こちらに来る前には、南相馬市に来たら空を見上げて、「南相馬」「フクシマ」「福島第一原発」というテレビや雑誌から切り取られる記号化された被災地ではなく、自分の感じたその地の空がどうなっているかを体験しようと思っていました。そして、空を見上げてみました。20110506_162015 そこには青い空と白い雲。当たり前風景ですが自分が見慣れたいつもと同じ風景が広がっています。自分と地震、津波、原発をつなぎとめる何かがやっと見えた気がしました。どれだけネットで情報を得ても、どれだけ人のブログをのぞいても、どれだけ新聞を読んでも、テレビを観てもわからないこと、結局はそこに住む人達と話し手を握りあいお互いを感じあうことでしか、南相馬の空は見えてこないこんな当たり前のことが分かりました。それは出発前に感じていたことと同じでした。

●南相馬総合病院

さて、出発です。最後の日は南相馬市立総合病院で演奏をします。いつものようにコンビニで朝食を買い出かけます。病院に着くと、事務の方々が待合室のイスを動かして演奏場所を作ってくださいました。皆さん、会計を待っている間に演奏を聴いています。20110506_130048 副院長の及川先生がとてもとても丁重な紹介をにこにこしながらして下さいます。僕からも挨拶をとうながされ、ただ一言「神戸から参りました医師の新城です。たった4日間しかいられなくて本当に申し訳ありません。皆さんのことは忘れません」とだけ話し演奏を始めました。

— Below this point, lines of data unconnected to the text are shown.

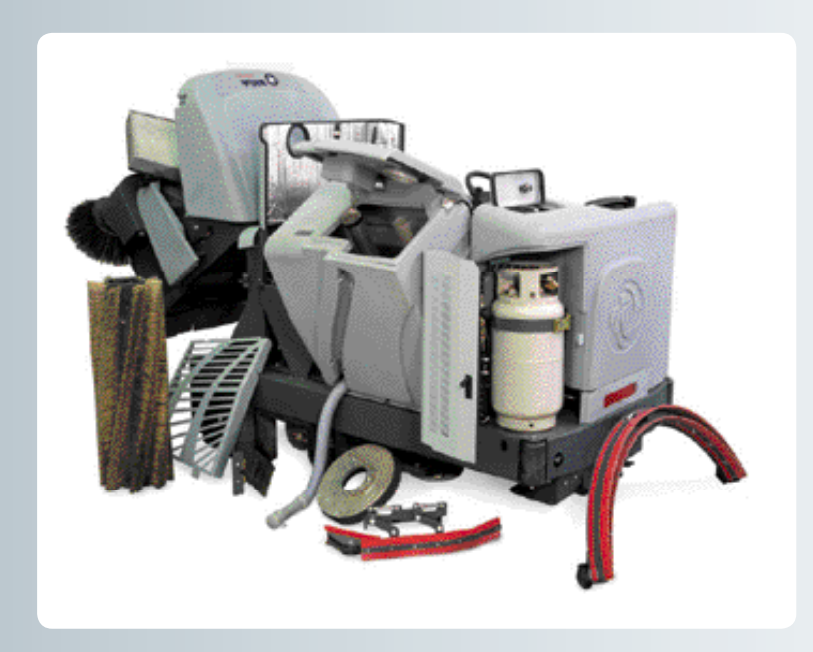
No tools needed in order to access key components. Maintenance is fast and simple
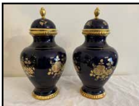
2 Echt-Cobalt, Bareuther Germany, 16"
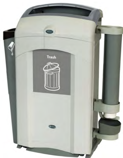
NEW Nexus® 26G Recycling Station

Increase disposable cup recycling rates with cup recycling bins and stations by Glasdon. We offer dedicated and multi-purpose paper and plastic cup recycling bins, designed to help you implement an effective and efficient cup recycling program.

どこの避難所でもそうですが、演奏者と目を合わせながら大きな声で歌う方はほとんどいらっしゃいません。皆さん気恥ずかしそうに歌詞カードに目を落とし、自分の口元で歌詞をくちずさみます。20110506_130157 音楽のボランティアで気をつけていることがあります。無理に演奏や活動に皆さんを巻き込まないことです。自分たちが楽しそうに演奏している姿とエネルギーを皆さんに音と共に届けるこういう心構えが僕は必要だと思います。慰問演奏をしていて一番楽しんでいるのは他でもない自分なのです!原田さんと一緒に合奏し自分の気に入った曲を弾くのがとてもとても楽しいことなのです。皆さん、僕の楽しみにお付き合い下さりありがとうございました。(ひまわりや赤いスイートピーは僕の好みです)

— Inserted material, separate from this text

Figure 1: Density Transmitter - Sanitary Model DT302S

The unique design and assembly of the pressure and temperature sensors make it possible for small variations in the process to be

仲良くなった事務の方と写真を撮り、午前10時に病院を出発しました。20110506_130229 帰りに津波の被害を受けた場所をもう一度通ってみました。多くの自衛隊の方々が瓦礫の撤去のために働いていました。交通整理も誠実そうなまなざしです。20110506_130258 迷彩服を着て遠くから見るとその異様で非日常な状況に人の心には恐怖を生みます。でも近くによって話せばみんな顔がちがいます。昨日トイレであった防護服の警察官もそうです。昨日夕方にケガをして南相馬市立総合病院であった警察官や自衛隊の方もそうです。みんなみんな名前のある同じ志を持った人達なのです。その事もとても良く分かりました。

AERAで震災直後「放射能がくる」とわざとショッキングな表紙で購読者の恐怖と好奇心を喚起しました。それには多くの批判があり、実際に連載を打ち切ったライターもいました。でも僕は思います。あの表紙に写った防護服の男性。その方にも名前があり家族があり使命がある。表紙の彼という人格を今の僕はちゃんと感じることができます。

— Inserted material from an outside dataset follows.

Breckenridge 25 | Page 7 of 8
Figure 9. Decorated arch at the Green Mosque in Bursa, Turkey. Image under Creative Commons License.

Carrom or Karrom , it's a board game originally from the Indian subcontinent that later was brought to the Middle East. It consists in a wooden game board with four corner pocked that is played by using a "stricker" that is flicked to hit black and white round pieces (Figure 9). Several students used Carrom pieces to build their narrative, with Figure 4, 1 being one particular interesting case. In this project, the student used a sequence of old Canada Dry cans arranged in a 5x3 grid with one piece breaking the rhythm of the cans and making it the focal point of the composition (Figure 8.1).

また最初に書いたあの、防護服を着た自衛隊と、原発事故の避難地域から動こうとしない老夫婦の報道。あの時に感じた報道の異質さがやっと分かりました。

あの報道では、自衛隊の隊員は一生懸命に老夫婦に語りかけます。Img_284242_28334618_3jpeg 居丈高に「ここは避難地域である。即刻立ち退きを命ずる」という口調ではないのです。心配して、「ここにいると危ないから、どうか一緒に来て」と人として老夫婦に一生懸命に話しかけていました。被災者も援助者も同じ人。その人と人との対話を自分は感じていたのだと全てがつながっていきました。

そして視界には高台にある原町火力発電所が見えました。鉄塔が倒れていました。20110506_130629 Youtubeでみた津波の映像が思い出されます。その映像でも「あー俺の車が!」と話しているのが聞こえます。そうなのです、圧倒的な恐怖と起きている事態の大きさが理解できないとき人は日常の言葉でしか語れないのです。難しい言説や、専門的な発言よりも、等身大の自分の言葉でしか理解をすることができないのです。僕にとってもそれは同じでした。どれだけ背伸びをしても出てこない言葉。飾った言葉。技巧的な言葉。全てが自分から出てこなくなりました。「自分の等身大の言葉で、自分の感じた事を文字にする」ことしかできないと自分に謙虚になりました。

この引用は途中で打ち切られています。